Leaders play a critical role in the implementation of Social Emotional Learning (SEL) in schools. As a reminder, there are 5 competencies of SEL, they are as follows; self-awareness, self-management, social awareness, relationship skills and decision making. Several leaders from around the region gathered on March 10th to spend the day with Dr. Maurice Elias of Rutgers University to learn about just how significant their role is in the task of prioritizing and expanding SEL in our area schools.
Although SEL has been an educational priority for decades, attention to such learning has increased a great deal recently. Why? One reason is the mounting scientific evidence that proposes that SEL skills play a vital role in success in school and life beyond school, including one’s ability to understand and manage their emotions. Throughout the day, school leaders reflected on the significant impact that mental health and trauma have had on their students, families and communities, as well as the urgent need for SEL within the context of the school day. Additionally, interpersonal skills are in high demand from businesses around the world. Employers want people that are able to communicate and interact well with others.

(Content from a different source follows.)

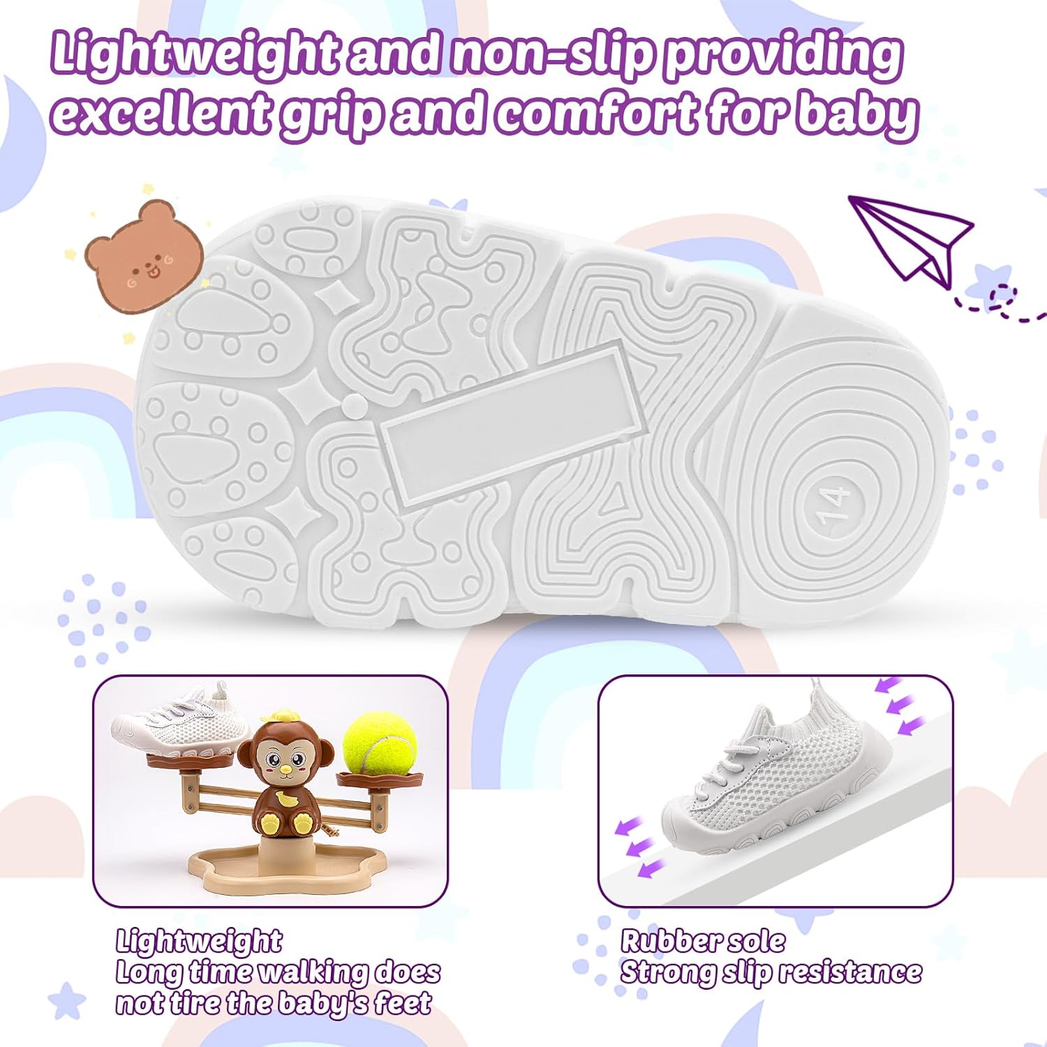 • Discover Toddler Shoes that elevate playtime. Breathable mesh knit keeps little feet refreshed, while a touch of white at the heel adds a stylish sparkle. Each step blends comfort with a dash of panache, making every playground run a mini fashion statement. Where comfort meets couture for the smallest explorers.

So what do school leaders need for effective SEL leadership? First and foremost, they themselves must possess or improve upon their own SEL skills and SEL leadership skills. In the words of Dr. Elias, “The future of Social Emotional Learning (SEL) and Social Emotional Character Development (SECD) depends more than ever on the quality of leadership within schools and school districts, both generally and as focused on SEL/SECD.” Additionally, a clear vision, an understanding of the interrelationship between school climate and SEL, a current climate assessment, the ability to manage improvement/change initiatives and finally, the ability to inspire.
Despite all of the learning that took place around the leadership role of comprehensive SEL implementation in early March, our leaders collectively realized that while we have many strengths in this area, we have work to do. No improvement initiative is simple, it cannot be remedied with a “quick fix,” it takes time and persistence. Some of the actionable goals for leaders that are vital, include, infrastructure development, school identity clarification integration, climate/culture/skills assessments, promotion of student voice, connection to existing mandates and making connections with schools/districts that are “walking the walk.”
We look forward to facilitating meaningful, collaborative experiences that center around SEL Leadership and Implementation to continue the necessary steps towards improvement. Together, we must guarantee that students are in a positive school climate and will systemically learn social-emotional competencies and character virtues essential for life, this cannot be optional.